第1312章 在乎帝心(2/2)
大堂內只有師爺的聲音,堂內椅子上坐著四十多百姓,一樣安靜。
師爺讀完,轉頭對陸正行示意,而後坐下。
陸正行抬起頭,看向一臉枯槁,生無可戀的魯王,淡淡道:「朱壽鋐,關於刑部指控你的罪名,你可有辯解?」
被關了一個多月,魯王是想的明白,心裡鬱結,面上嘆了口氣,道:「是我觸怒了皇上,才遭此一難,什麼罪民我都認了,只請你轉告皇上,魯王一脈對皇上忠心耿耿,不曾有叛心,與其他人不同。請皇上看在列祖列宗以及我這些年的苦勞上,讓魯王府有個體面……」
陸正行一拍驚堂木,沉聲道:「朱壽鋐,你要弄清楚!你是不法在前,處置在後,休要攀扯皇上!本庭再問你一次,是否認罪!」
魯王仰天,長嘆一聲,道:「認不認又有什麼區別,你判吧,是坐牢還是流放還是戍邊?」
陸正行合上卷宗,道:「既然你認罪,本庭也省事。現在本庭宣布,魯王認罪,三天後開庭,宣判。退庭!」
本以為是一場大戲的審判,以魯王的認罪,在所有人瞠目結舌中休庭。
第二天,經過內閣再三上疏,乾清宮終於下旨,以晉王朱求桂『行為不軌,殊途難測』為罪名,除爵!

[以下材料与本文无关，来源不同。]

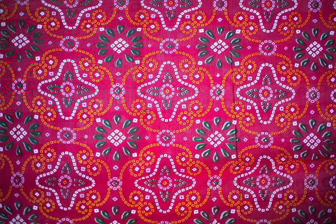This distinctive tie-and-dye work is characterised by patterns on vibrant backgrounds, created by pinching and pushing small portions of the fabric into small points, and knotting and twisting them with the help of thread. The fabric is then dyed in different shades of colour, thereby leaving the knotted parts uncoloured.

旋即,刑部將朱求桂從宗人府押出,送入天牢,又過一天,送入大理寺過審。
朱求桂比魯王乾脆,他知道,現在再如何掙扎也無用,打錯算盤的結果就是滿盤皆輸。
孫傳庭新內閣的開端,是以兩位親王除爵為開端!
朝野更加安靜,不知道多少人在考慮自身,想法設法的自保。
但他們還沒反應過來,孫傳庭穩住內閣,一道任命砸下來,內閣,六部的大部分中間官員被調整,內部調劑還好說,但大部分是被外放,明升暗降。
京城是什麼地方,天下首善之地,誰不擠破腦袋往京城來,若不是放到肥缺,那都是妥妥的流放性質,將來沒有機會再回去了。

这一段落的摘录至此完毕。